Another obligation expected of taxpayers is record keeping. Taxpayers are required to maintain accurate and up-to-date records of their financial transactions, including income, expenses, assets, and liabilities. These records are essential for filing tax returns, substantiating deductions, and complying with tax audits. Record keeping is not common practice among small businesses. Yet it is the foundation for fulfilling your tax obligations. If you do not keep your records, how would you know what taxes you are meant to pay?

It is also the obligation of a taxpayers to file tax returns within the prescribed timelines. Individuals are required to file their Personal Income Tax (PIT) returns annually, while companies must file their Corporate Income Tax (CIT) returns within six months after the end of their financial year. Other tax returns, such as VAT returns and WHT returns, may also be required depending on the taxpayer’s activities. All too often, taxpayers think that if they do not make profits, or do not have a turnover above N25 million, then they are not required to file. This is not true. Filing returns is to be made whether or not you made profits or losses. As long as you are a taxpayer, you ought to file returns with the relevant tax authority.

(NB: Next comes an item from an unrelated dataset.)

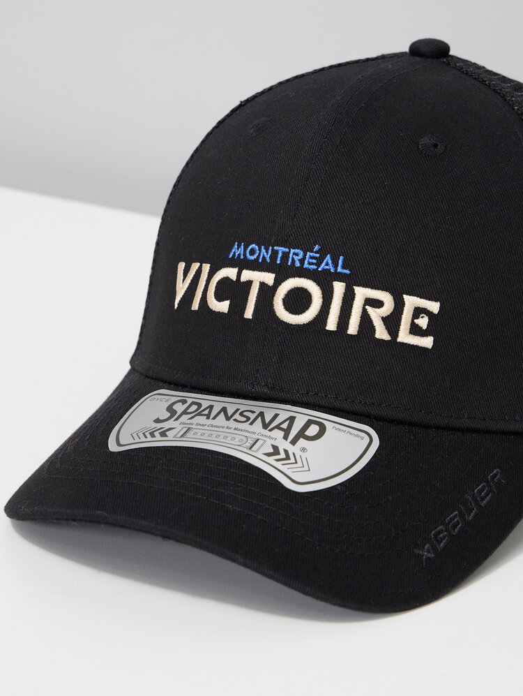 Show off your team pride in style with the Montreal Victoire Adult Bauer Adjustable Trucker Hat. Whether you're celebrating a game-winning goal or cheering from the stands, this hat offers the perfect fit with a SPANSNAP® stretch closure that provides both comfort and support. Featuring soft mesh sides and back for breathability, it keeps you cool no matter how intense the game gets. Wear your fandom with confidence, knowing this hat will stay securely in place through every cheer and celebration!

Flowing from this obligation is the obligation to pay taxes—the most commonly spoke about obligation. Taxpayers have an obligation to pay the taxes they owe to the relevant tax authorities. This includes the timely remittance of Personal Income Tax, Companies Income Tax, Value Added Tax, Withholding Tax, and other applicable taxes. They also owe it as an obligation to comply with tax deductions. Employers and businesses that make payments subject to withholding tax (WHT) must deduct the appropriate tax amount at source and remit it to the tax authorities. This includes deducting WHT from salaries, contracts, dividends, interest, and other relevant payments.

Furthermore, taxpayers are required to provide accurate information and documentation as requested by tax authorities. This includes providing supporting documents for deductions, exemptions, and claims made on tax returns as well as cooperating with tax audits and investigations, providing requested information and records, and responding to inquiries in a timely and accurate manner.

To crown it all, taxpayers must comply with all relevant tax laws and regulations which includes staying updated on changes in tax laws and fulfilling their obligations accordingly.

By understanding and diligently leaving up to tax obligations, individuals and businesses actively participate in the development and progress of the country, ensuring a more prosperous, greater and equitable society for all.

Rachel Jantiku, is a researcher and writes from Abuja.